Traditionally, on leaving overhaul at St Athan, aircraft would do a fly-by for the benefit of the groundcrew who had worked on it. The pilot of this particular Phantom FG1, a retiring Wing Commander, was chatting to a member of the ground crew the day before the departure flight. He said he was going to fly between the hangars and that the guy should be ready with a camera to record the event. It was due to be his last flight, so he was going to do something 'special'. The groundcrew weren't too convinced of the pilot's claim, but stood around as usual anyway watching as the F4 took off, destination Leuchars. As the photo shows, the pilot was not joking, you can see the afterburner diamonds quite clearly in front of the hangar. You can also see personnel standing underneath it. The recently tuned Speys allegedly shook a man working in the roof of one of the hangars enough for him to fall and break his leg. These hangars are set east to west, about 75 yards apart, and you can estimate the height from the length of the Phantom. Immediately after the event, the pilot was contacted by the tower and was instructed in no uncertain terms to 'return and land immediately'. As I am told, he did so and was given a severe rollicking. I don't know what action was taken, but it was his last flight in any case. What a way to go out, I wonder if it ranks as one of the shortest logged emergency-free Phantom flights?
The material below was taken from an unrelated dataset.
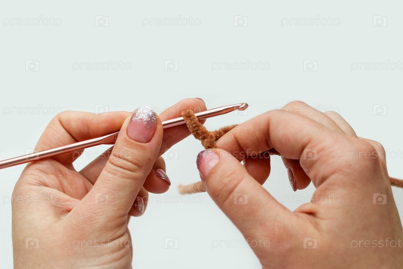 Процесс вязания крючком из плюшевой пряжи. Начинайте вязать цепочку из петель

This story is not exaggerated - I don't know the original photographer, but the picture was taken on an ordinary instamatic camera, and then a blow-up was made. The original is, as a favour, temporarily in the possession of the current Station Commander at St Athan who is an ex-F4 jockey. From the enlargement I have made the Phantom as XV575. The aircraft was scrapped in September 1991, but its legacy has to be this photograph.


ou sont les biscuits

5,127 posts

196 months

Thursday 21st March 2019
quotequote all
Opel-GT said:
reposted and quoted to add a caption. smile



Traditionally, on leaving overhaul at St Athan, aircraft would do a fly-by for the benefit of the groundcrew who had worked on it. The pilot of this particular Phantom FG1, a retiring Wing Commander, was chatting to a member of the ground crew the day before the departure flight. He said he was going to fly between the hangars and that the guy should be ready with a camera to record the event. It was due to be his last flight, so he was going to do something 'special'. The groundcrew weren't too convinced of the pilot's claim, but stood around as usual anyway watching as the F4 took off, destination Leuchars. As the photo shows, the pilot was not joking, you can see the afterburner diamonds quite clearly in front of the hangar. You can also see personnel standing underneath it. The recently tuned Speys allegedly shook a man working in the roof of one of the hangars enough for him to fall and break his leg. These hangars are set east to west, about 75 yards apart, and you can estimate the height from the length of the Phantom. Immediately after the event, the pilot was contacted by the tower and was instructed in no uncertain terms to 'return and land immediately'. As I am told, he did so and was given a severe rollicking. I don't know what action was taken, but it was his last flight in any case. What a way to go out, I wonder if it ranks as one of the shortest logged emergency-free Phantom flights?

This story is not exaggerated - I don't know the original photographer, but the picture was taken on an ordinary instamatic camera, and then a blow-up was made. The original is, as a favour, temporarily in the possession of the current Station Commander at St Athan who is an ex-F4 jockey. From the enlargement I have made the Phantom as XV575. The aircraft was scrapped in September 1991, but its legacy has to be this photograph.
They got him a job with Ryanair......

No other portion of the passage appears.